A thin-film equation for a viscoelastic fluid, and its application to the Landau-Levich problem

TL;DR

This paper derives a new thin-film equation for viscoelastic fluids and applies it to the Landau-Levich problem, revealing how viscoelasticity influences film thickness and resolving existing literature discrepancies.

Contribution

The paper introduces the first thin-film equation for second-order viscoelastic fluids and demonstrates its application to classical coating problems.

Findings

Viscoelasticity affects the film thickness in dip-coating.

The derived equation explains discrepancies in previous studies.
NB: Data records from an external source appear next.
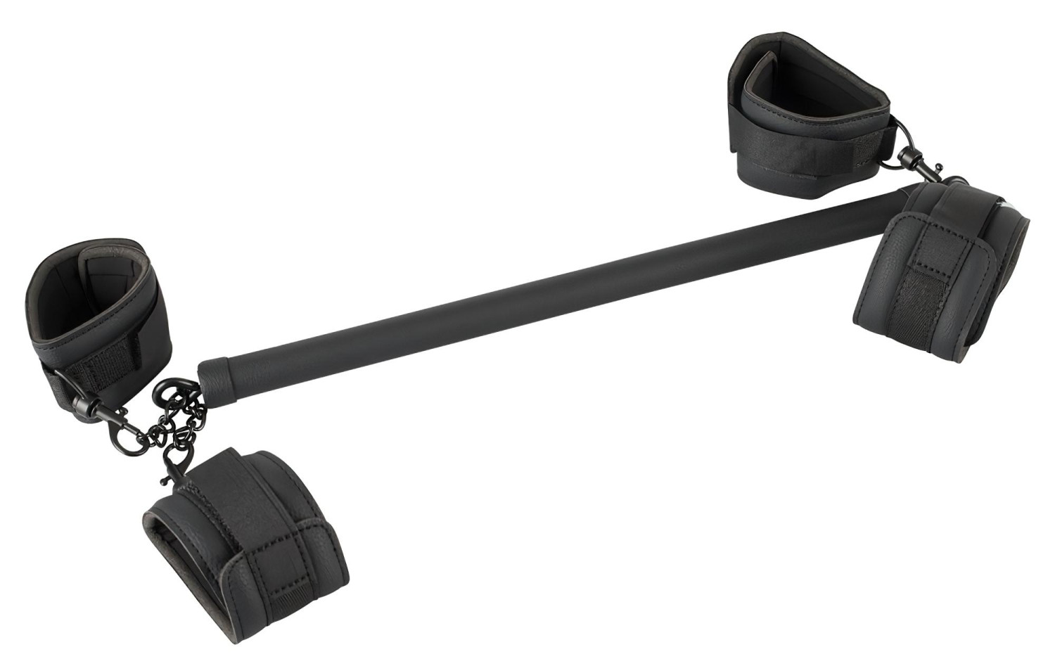 Divoké svazovací zážitky – plné vzrušení a touhy z naprosté odevzdanosti! Proč si to zamiluješ? Vysoce kvalitní materiál s precizně zpracovanými okrajiIdeální na bondage fantazie i nápadité hrátky ve dvouPárový sex tu získá novou, napínavou podobuSkvělé pro začátečníky i pokročilé v BDSMNabízí různé možnosti svazování a uchyceníMěkké, polstrované pouta zaručí pohodlí i bezpečné omezení pohybuPouta mají kovové D-kroužky a malé karabinky pro snadné uchyceníNa co si dát pozor: Při čištění použij pouze vlhký hadřík, v případě potřeby dezinfekci pro erotické pomůcky (objednávací kód: 8718627520062) – před použitím ji setři z povrchu.Tyč má pevnou délku, není nastavitelná.Karabinky na poutech nejsou odnímatelné. Co najdeš v balíčku? 1× pevná spojovací tyč1× krátký kovový řetízek2× (1 párový set) pouta na zápěstí2× (1 párový set) pouta na kotníkySpecifikace & vlastnosti: kvalitní umělá kůžepečlivé kvalitní zpracovánívelikost pout nastavitelná na suchý zipcelková délka pout na zápěstí včetně pásku: 33 cmrozměry pout na zápěstí (bez pásku): 24 × 5,6 × 0,5 cmcelková délka pout na kotníky včetně pásku: 38 cmrozměry pout na kotníky (bez pásku): 29,3 × 5,8 × 0,5 cmmasivní spojovací tyč z pevného materiálu, na koncích možnost uchycenídélka tyče: 40 cmprůměr tyče: 2,2 cmdélka řetízku: 10 cmhmotnost: 370 gbarva: černá se stříbrnými kovovými prvkymateriál: Polyuretan, kov
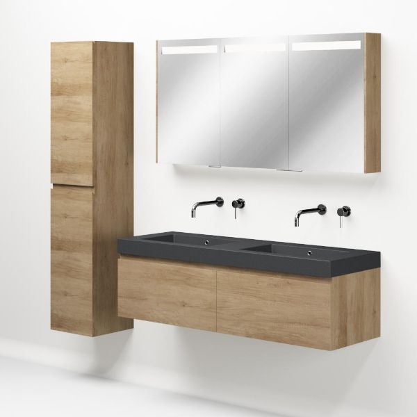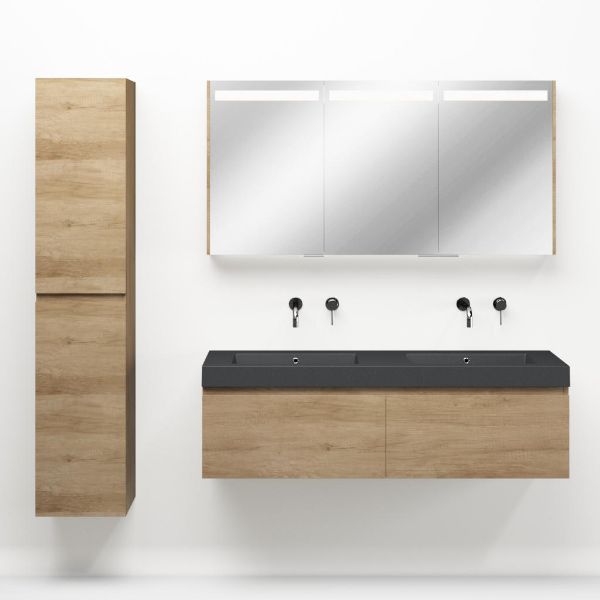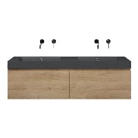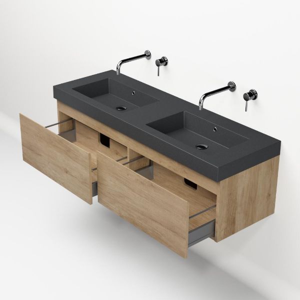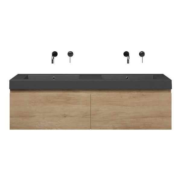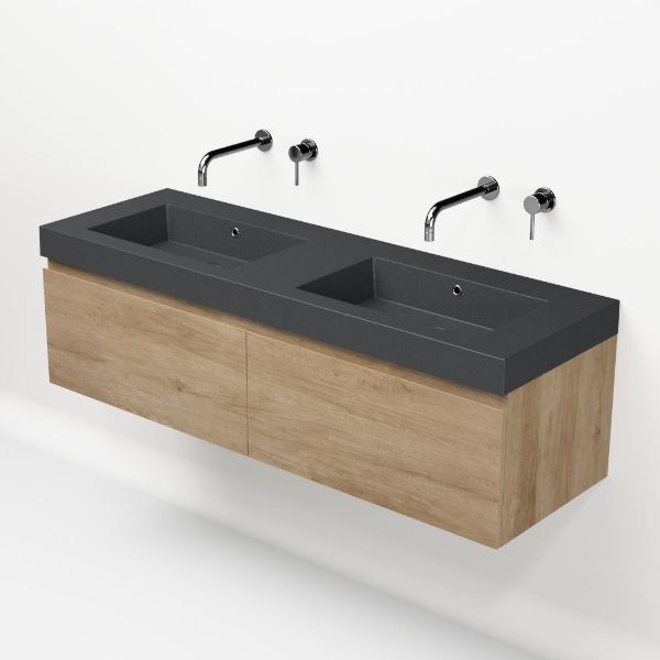 Greeploos badkamermeubel in de kleur olm is 140 cm breed.  De wastafel is vervaardig in quartz en heeft de kleur grijs mat quartz. Dit badkamermeubel met deze wastafel is leverbaar tussen de 60 cm t/m 160 cm
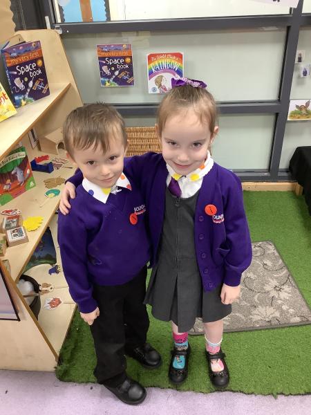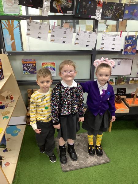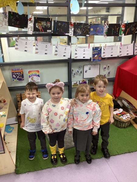 Today, the children celebrated Children in Need. They came to school dressed in something spotty or stripy and donated money to the charity.

Viscoelastic effects are significant in industrial coating processes.

Abstract

Thin-film flows of viscoelastic fluids are encountered in various industrial and biological settings. The understanding of thin viscous film flows in Newtonian fluids is very well developed, which for a large part is due to the so-called thin-film equation. This equation, a single partial differential equation describing the height of the film, is a significant simplification of the Stokes equation effected by the lubrication approximation which exploits the thinness of the film. There is no such established equation for viscoelastic fluid flows. Here we derive the thin-film equation for a second-order fluid, and use it to study the classical Landau-Levich dip-coating problem. We show how viscoelasticity of the fluid affects the thickness of the deposited film, and address the discrepancy on the topic in literature.